# Natural Language Processing (NLP)

- **Basic Steps involved in NLP with the help of Natural Language Tool Kit (nltk) as follow**:

> 1. Tokenization.
> 2. Stop Word Exclusion.
> 3. Stemming / Lemmatization.
> 4. POS Tagging (Part-of-Speech)
> 5. Chunking (using Regular Expressions & RegexParser)
> 6. NER (Named Entity Recognition) - kind of Forming groups of similar kinds `ne_chunk()`




---

## NLTK Installation:

`pip install nltk`

---

## Importing Necessary Dependencies:

In [1]:
import pandas as pd
import numpy as np
import matplotlib.pyplot as plt
import seaborn as sns
import random

# Natural Language Tool kit
import nltk
# nltk.download('package_name') - for installation of nltk packages

plt.style.use("ggplot")

---

## 1. TOKENIZATION:

In [4]:
nltk.download('punkt')

[nltk_data] Downloading package punkt to
[nltk_data]     C:\Users\91800\AppData\Roaming\nltk_data...
[nltk_data]   Package punkt is already up-to-date!


True

In [13]:
testText_01 = 'I bought these for my husband and he said they are the best energy shots out there. He takes one in the mornings and works hard all day. Good stuff!'


from nltk.tokenize import word_tokenize
tokens = word_tokenize(testText_01)
print(tokens)

['I', 'bought', 'these', 'for', 'my', 'husband', 'and', 'he', 'said', 'they', 'are', 'the', 'best', 'energy', 'shots', 'out', 'there', '.', 'He', 'takes', 'one', 'in', 'the', 'mornings', 'and', 'works', 'hard', 'all', 'day', '.', 'Good', 'stuff', '!']


---

## 2. Stop Word Exclusion: 
- Stop Word includes the word that do not add that much meaning to the sentence.

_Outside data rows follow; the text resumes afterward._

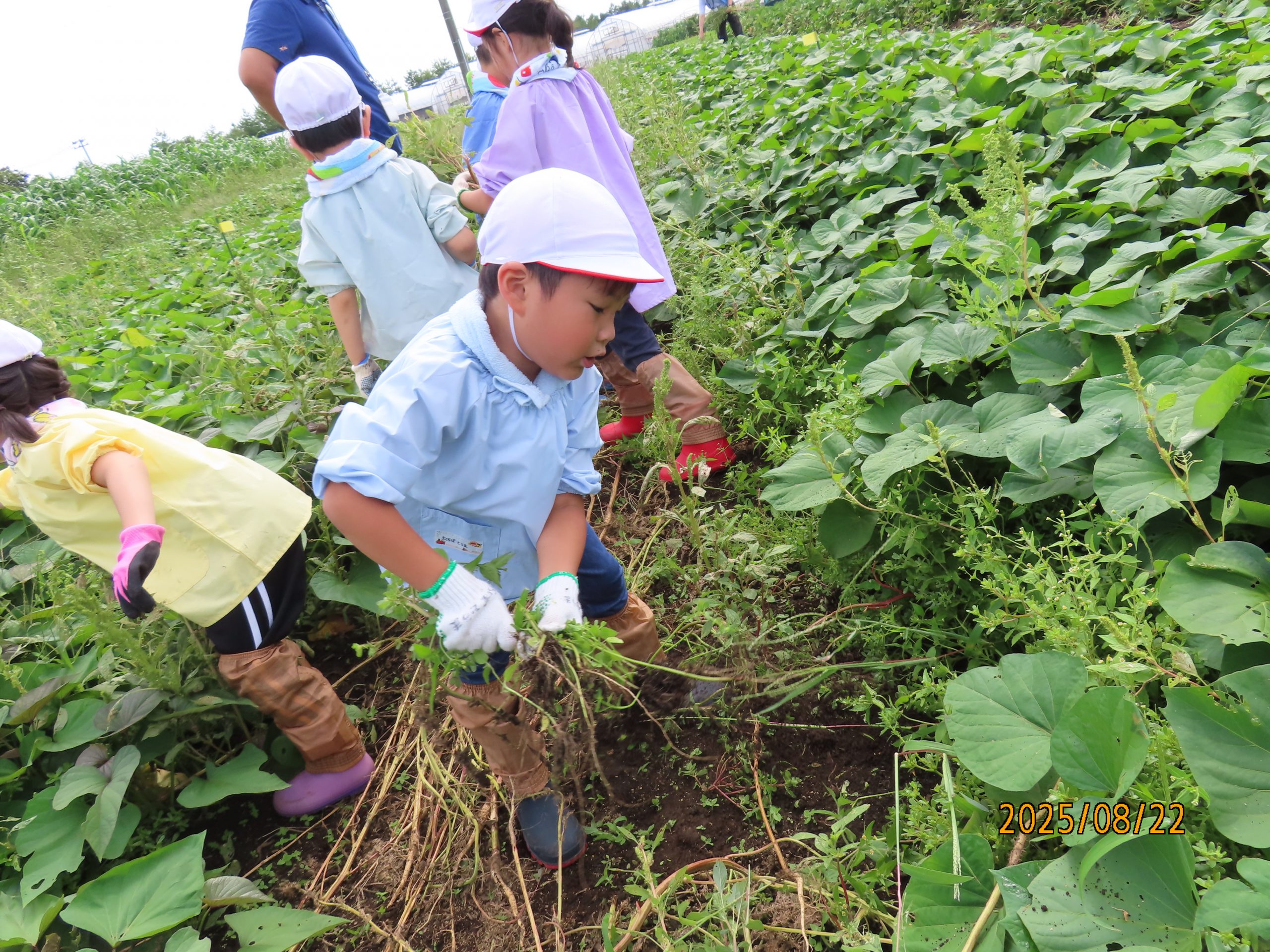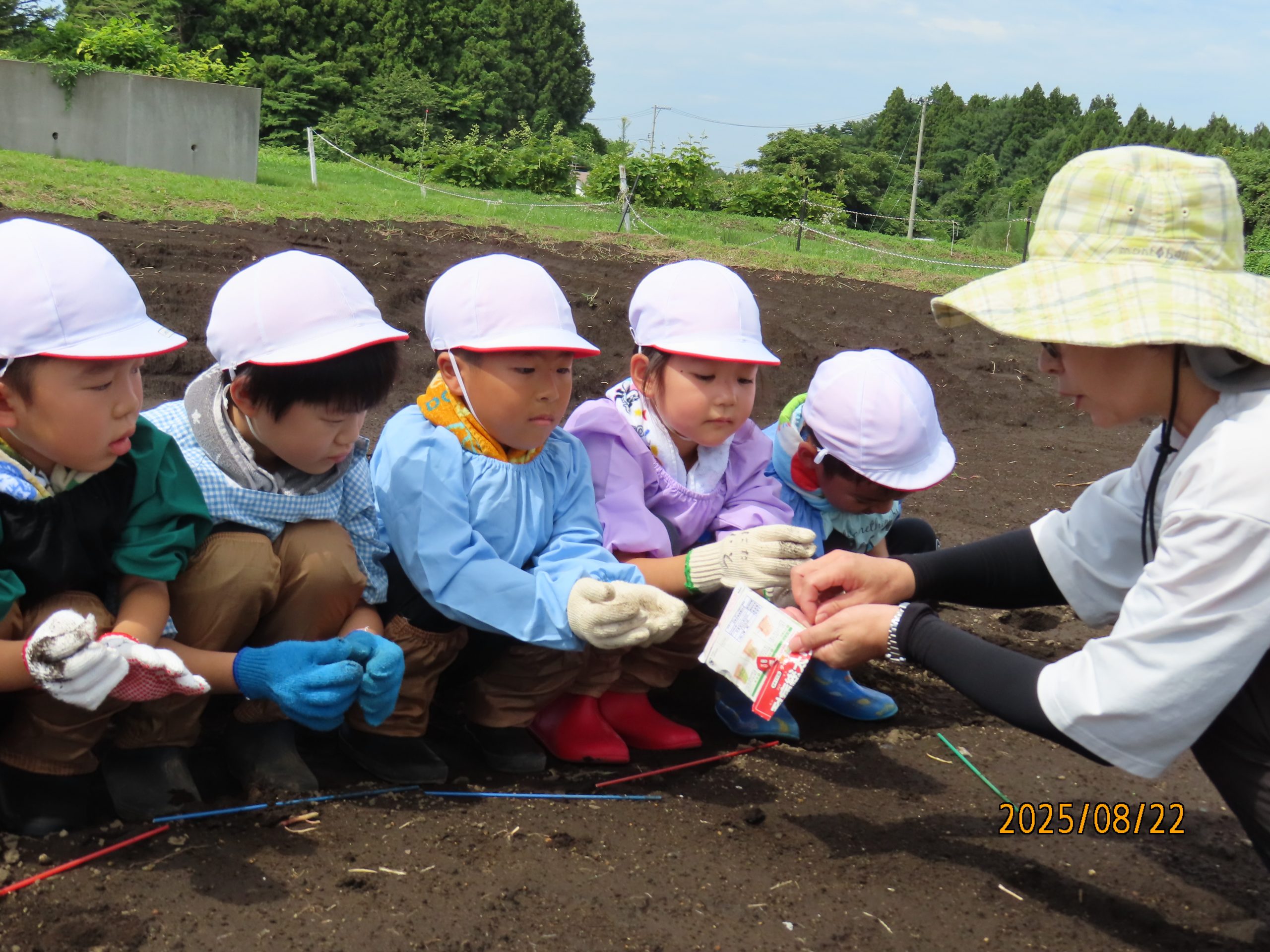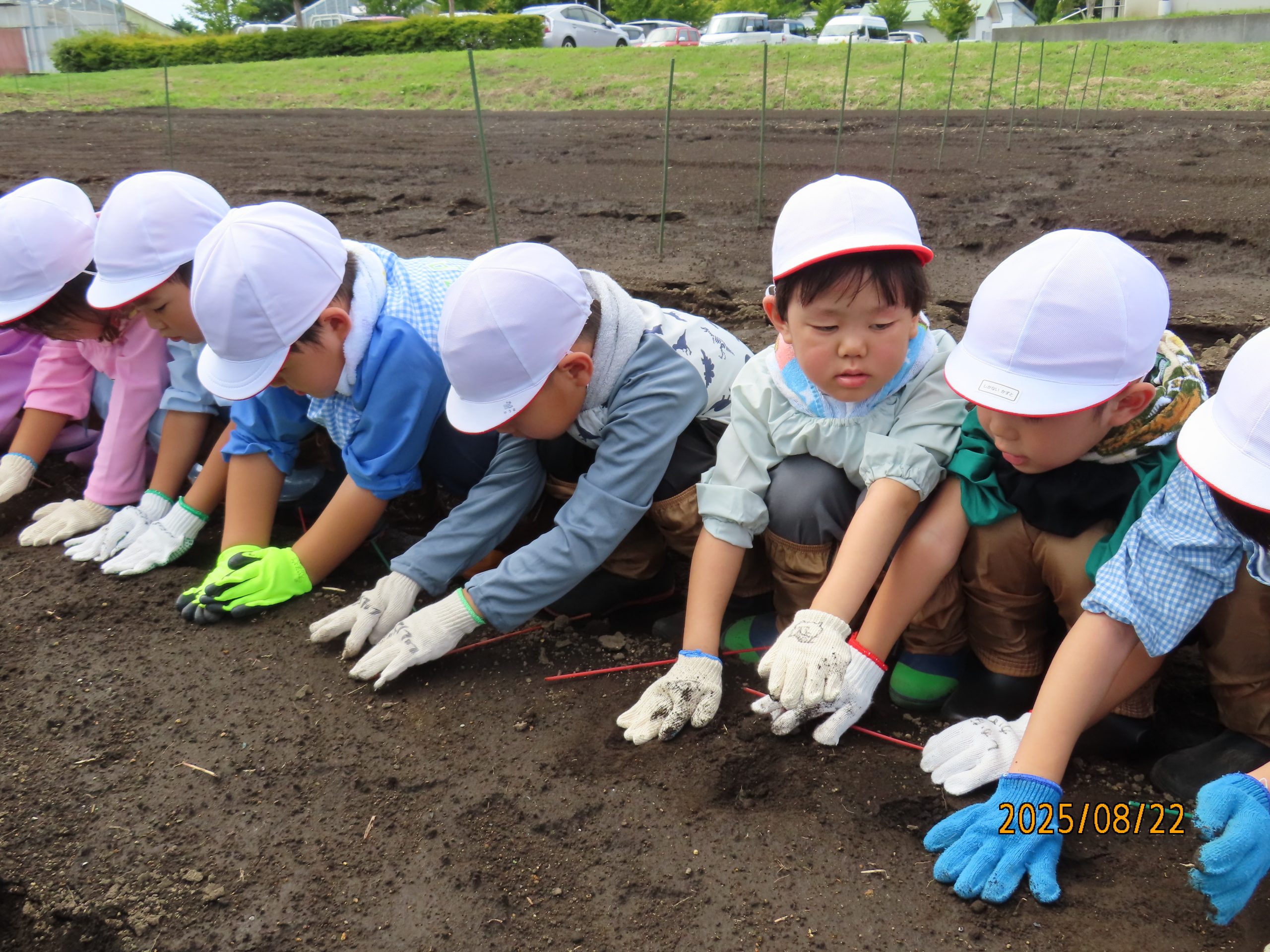 春に植えたさつまいも畑の草取りと、大根の種植えです!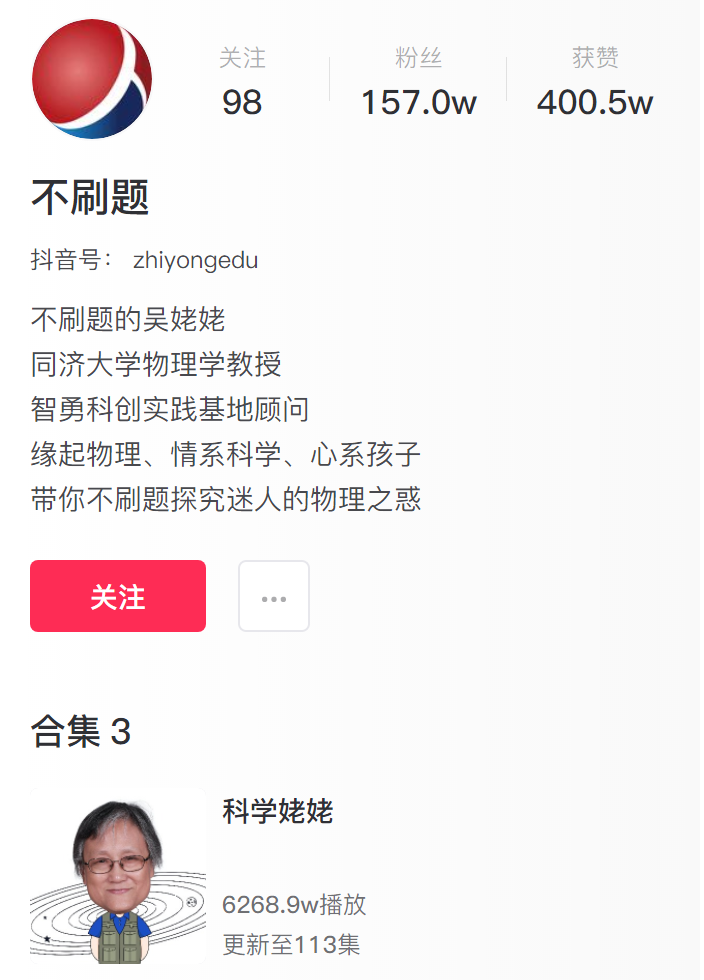 最近,72岁的同济大学物理学教授吴於人,凭着一系列硬核科普物理的短视频走红网络。镜头前的她,灰白短发,挂绳眼镜,渔夫马甲,一派利落质朴又不失帅气的科学家style,被150多万抖音粉丝亲切地称呼为“吴姥姥”。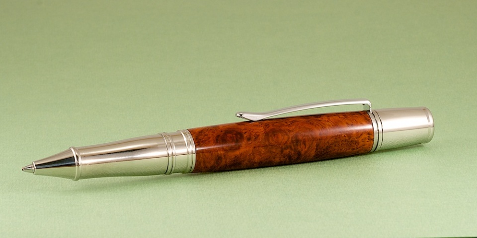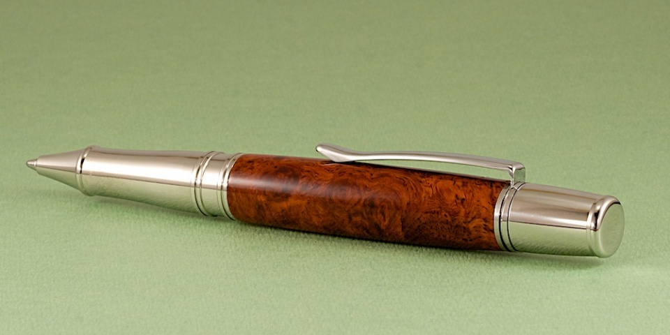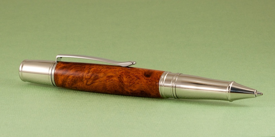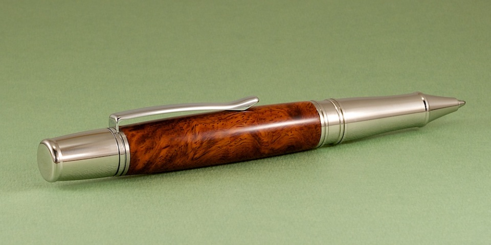 Amboyna Burl with a CA finish on a Liberty kit.

Eg.: 'a', 'an', 'the', 'and', etc.
- package used stopwords for the same.

In [14]:
nltk.download('stopwords')

[nltk_data] Downloading package stopwords to
[nltk_data]     C:\Users\91800\AppData\Roaming\nltk_data...
[nltk_data]   Unzipping corpora\stopwords.zip.


True

In [22]:
from nltk.corpus import stopwords

stop_words = set(stopwords.words('english'))
# print(stop_words)

filtered_tokens = [token for token in tokens if token.lower() not in stop_words]
print("Previous: \n", tokens)
print("\nFiltered: \n", filtered_tokens)

Previous: 
 ['I', 'bought', 'these', 'for', 'my', 'husband', 'and', 'he', 'said', 'they', 'are', 'the', 'best', 'energy', 'shots', 'out', 'there', '.', 'He', 'takes', 'one', 'in', 'the', 'mornings', 'and', 'works', 'hard', 'all', 'day', '.', 'Good', 'stuff', '!']

Filtered: 
 ['bought', 'husband', 'said', 'best', 'energy', 'shots', '.', 'takes', 'one', 'mornings', 'works', 'hard', 'day', '.', 'Good', 'stuff', '!']


---

## 3. Stemming / Lemmatization:
> **Stemming:** Used in large datasets, eg: `Caring -> Car` (can lead to incorrect meaning also).

> **Lemmatization:** Converts the word to its meaningful base (Lemma), eg: `Caring -> Care` (expensive).